Stored data
>>>>>
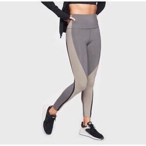 Athleta Spar Color Block 7/8 Tight Women's Size S High Rise Gray Silver Bells
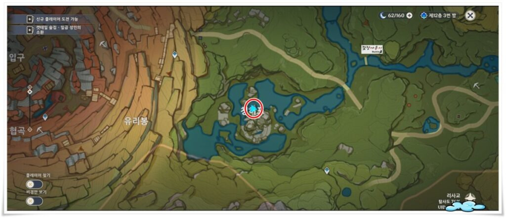 리월과 층암거연의 중간에 보시면 청허포라는 연못 중간에 바위산(?), 신전(?) 같은 곳이 있는 지역을 발견하실 수 있을 텐데요.
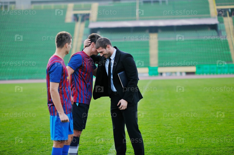 Спортивный менеджер в деловом костюме и футболисты на стадионе
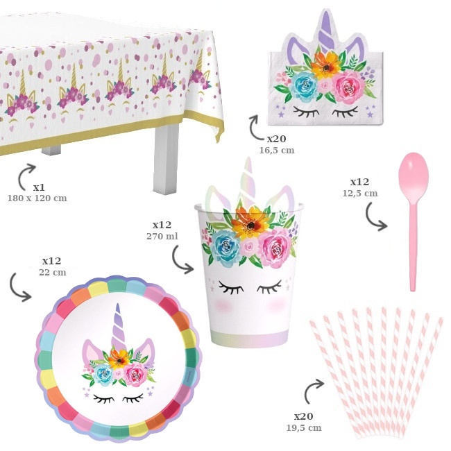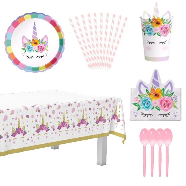 Es un pack con todo lo necesario para disfrutar de una fiesta de temática de unicornios.
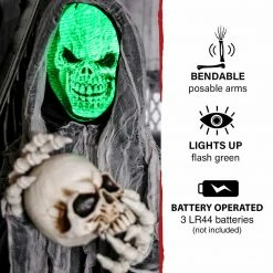 - Figure can hang to fit eerily into your Halloween decor with the 5-inch hanging loop
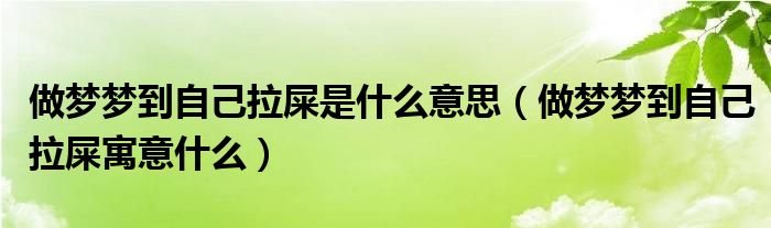 大家好,伊人来为大家解答以上问题。做梦梦到自己拉屎是什么意思,做梦梦到自己拉屎寓意什么很多人还不知道,现在让我们一起来看看吧!
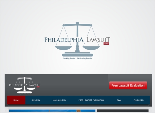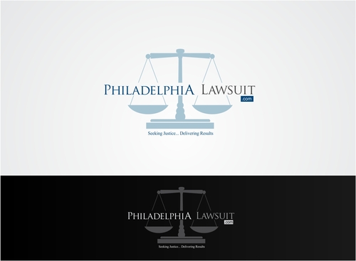 Otherwise, I picture the simple/non-ornate scales of justice in the background (perhaps faded blue) being used to separate Philadelphia from Lawsuit.com. The words should be the focus and most prominent. The Scales of justice should be somewhat background. I've attached a drawing but it does not convey enough how much I want the scales of justice to be in the background and the words prominent. (See attached drawing)
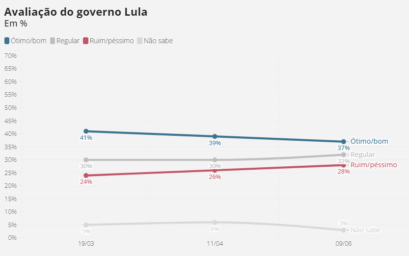 Em relação à pesquisa anterior, divulgada em 11 de abril, a avaliação positiva de Lula oscilou dois pontos percentuais para baixo, passando de 39% para 37%. Já a reprovação oscilou dois pontos para cima, de 26% para 28%.
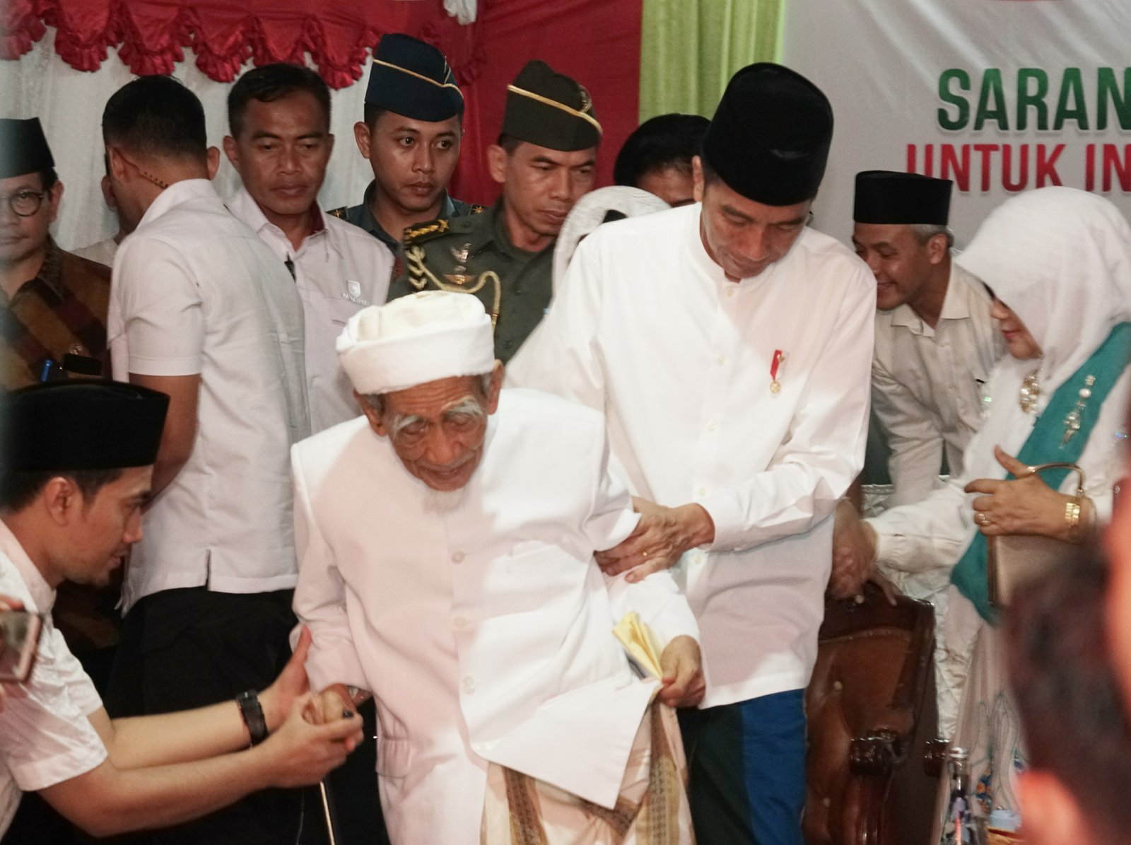 Presiden Jokowi membantu K.H. Maimoen Zubir duduk saat menghadiri acara Sarang Berzikir…
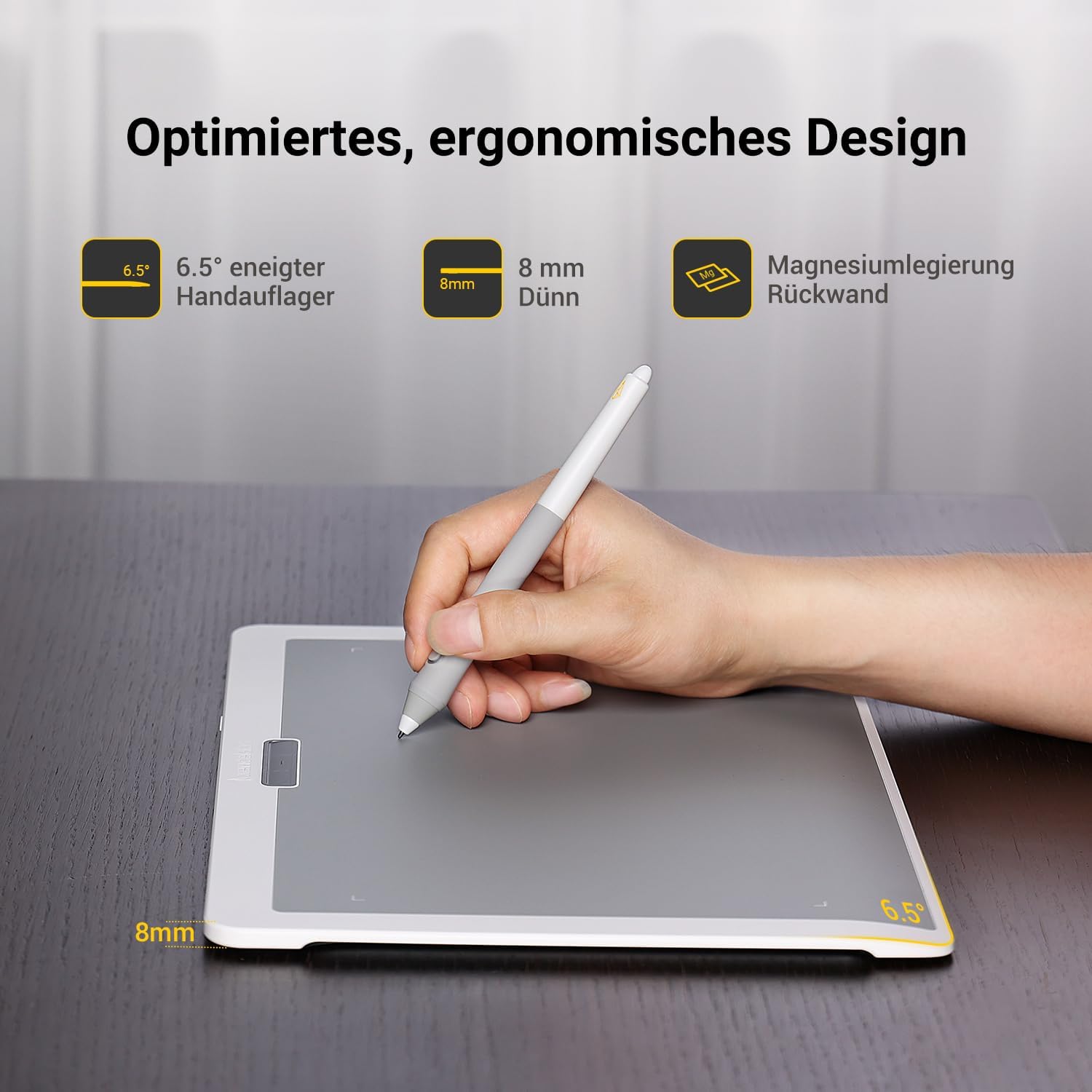 • Ергономичен дизайн: Кажете сбогом на болката в китката: Извитата на 6,5° опора за длани е повече от просто дизайн – тя облекчава дискомфорта по време на дълги сесии на рисуване. С дебелина само 8 мм и метална задна плоча, тя е достатъчно лека, за да се побере в раницата ви, но същевременно достатъчно издръжлива за ежедневна употреба. Левичари или десничари? Горните бутони са лесно достъпни за всички.
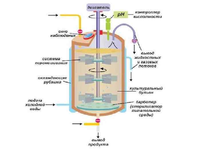 Аппаратурное оформление биотехнологического процесса - ферментеры: по объёму: – лабораторные 0, 5 -100 л, – пилотные 100 л -10 м 3, – промышленные 10 - 100 м 3 и более. • критерии выбора ферментера: – – теплообмен, скорость роста единичной клетки, Тип дыхания биообъекта, Вид транспорта и превращения субстрата в клетке – время размножения отдельной клетке.
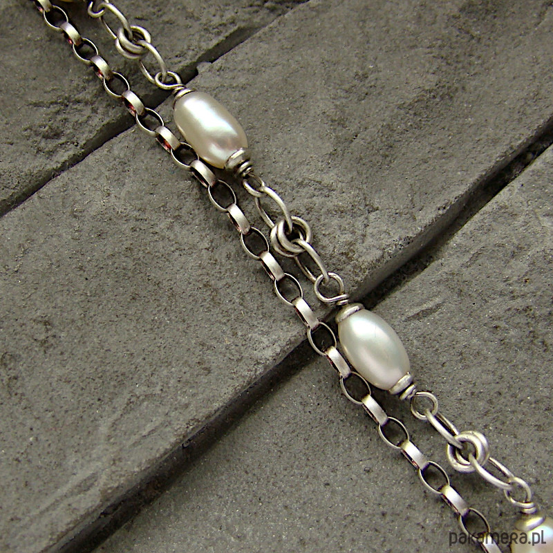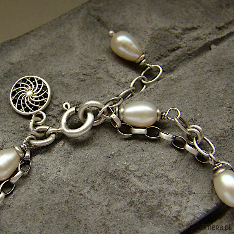 Delikatna, kobieca i wyjątkowa bransoletka na co dzień i nie tylko. Wykonana w całości z oksydowanego srebra próby 925 oraz bialych, naturalnych pereł slodkowodnych wielkości ok. 8 mm. Przy zapieciu filigranowa zawieszka rozeta. Całkowita długość bransoletki regulowana od 19 cm do 21 cm. Ozdobnie zapakowana.
<<<<<
* _Required action_: Each line from the one containing "Presiden Jokowi membantu" through the end of the records above is to be retyped exactly, with the pictures omitted and nothing added.

* _Result of the exercise_:
 Presiden Jokowi membantu K.H. Maimoen Zubir duduk saat menghadiri acara Sarang Berzikir…
 • Ергономичен дизайн: Кажете сбогом на болката в китката: Извитата на 6,5° опора за длани е повече от просто дизайн – тя облекчава дискомфорта по време на дълги сесии на рисуване. С дебелина само 8 мм и метална задна плоча, тя е достатъчно лека, за да се побере в раницата ви, но същевременно достатъчно издръжлива за ежедневна употреба. Левичари или десничари? Горните бутони са лесно достъпни за всички.
 Аппаратурное оформление биотехнологического процесса - ферментеры: по объёму: – лабораторные 0, 5 -100 л, – пилотные 100 л -10 м 3, – промышленные 10 - 100 м 3 и более. • критерии выбора ферментера: – – теплообмен, скорость роста единичной клетки, Тип дыхания биообъекта, Вид транспорта и превращения субстрата в клетке – время размножения отдельной клетке.
 Delikatna, kobieca i wyjątkowa bransoletka na co dzień i nie tylko. Wykonana w całości z oksydowanego srebra próby 925 oraz bialych, naturalnych pereł slodkowodnych wielkości ok. 8 mm. Przy zapieciu filigranowa zawieszka rozeta. Całkowita długość bransoletki regulowana od 19 cm do 21 cm. Ozdobnie zapakowana.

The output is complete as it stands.